Pictures aside, please retype the whole listing word for word.

→ SOURCE MATERIAL:
========

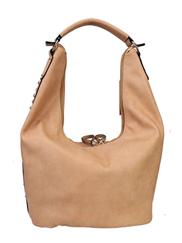 -. Feature : This handbag comes in 5 different colors: Red, Beige, Black, Tan, and Khaki. / High Quality Soft PU Leather Hobo Accented with Studs & Crystal Décor on Both Side Womens Purse Handbag. / High Quality Fabric Lined Interior with Multiple Interior Pockets. 2 Compartments separated by 1 Center Divider Zipper Pocket. 1 Large Pocket Inside with Zipper and Pockets on Both Side. 1 Zippered Pocket Outside in the Back. / Approximate Size info: Length 15" x Width 8" x Height 9" Material: PU Faux Leather. Top Zipper Closure. / Color showing in other color is to show the different variation angles of the handbag. The actual bag ship, will be the one your purchesed.
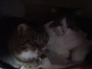 6時過ぎにトラ子が出掛けて、うめが帰って来ました。珍しく炬燵に入りたい、と言って入って来ました。その後で、福も入って行きました。『炬燵は好いもんだね。仲良くしているよ~』
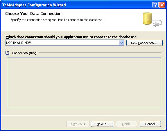 Der Konfigurations-Assistent für TableAdapter beginnt, indem Sie aufgefordert werden, auszuwählen, mit welcher Datenbank sie arbeiten soll. In der Dropdownliste werden diese Datenbanken im Server-Explorer angezeigt. Wenn Sie die Northwind-Datenbank nicht zum Server-Explorer hinzugefügt haben, können Sie zu diesem Zeitpunkt auf die Schaltfläche "Neue Verbindung" klicken.

========

→ SOLUTION FOR THIS EXERCISE:
 -. Feature : This handbag comes in 5 different colors: Red, Beige, Black, Tan, and Khaki. / High Quality Soft PU Leather Hobo Accented with Studs & Crystal Décor on Both Side Womens Purse Handbag. / High Quality Fabric Lined Interior with Multiple Interior Pockets. 2 Compartments separated by 1 Center Divider Zipper Pocket. 1 Large Pocket Inside with Zipper and Pockets on Both Side. 1 Zippered Pocket Outside in the Back. / Approximate Size info: Length 15" x Width 8" x Height 9" Material: PU Faux Leather. Top Zipper Closure. / Color showing in other color is to show the different variation angles of the handbag. The actual bag ship, will be the one your purchesed.
 6時過ぎにトラ子が出掛けて、うめが帰って来ました。珍しく炬燵に入りたい、と言って入って来ました。その後で、福も入って行きました。『炬燵は好いもんだね。仲良くしているよ~』
 Der Konfigurations-Assistent für TableAdapter beginnt, indem Sie aufgefordert werden, auszuwählen, mit welcher Datenbank sie arbeiten soll. In der Dropdownliste werden diese Datenbanken im Server-Explorer angezeigt. Wenn Sie die Northwind-Datenbank nicht zum Server-Explorer hinzugefügt haben, können Sie zu diesem Zeitpunkt auf die Schaltfläche "Neue Verbindung" klicken.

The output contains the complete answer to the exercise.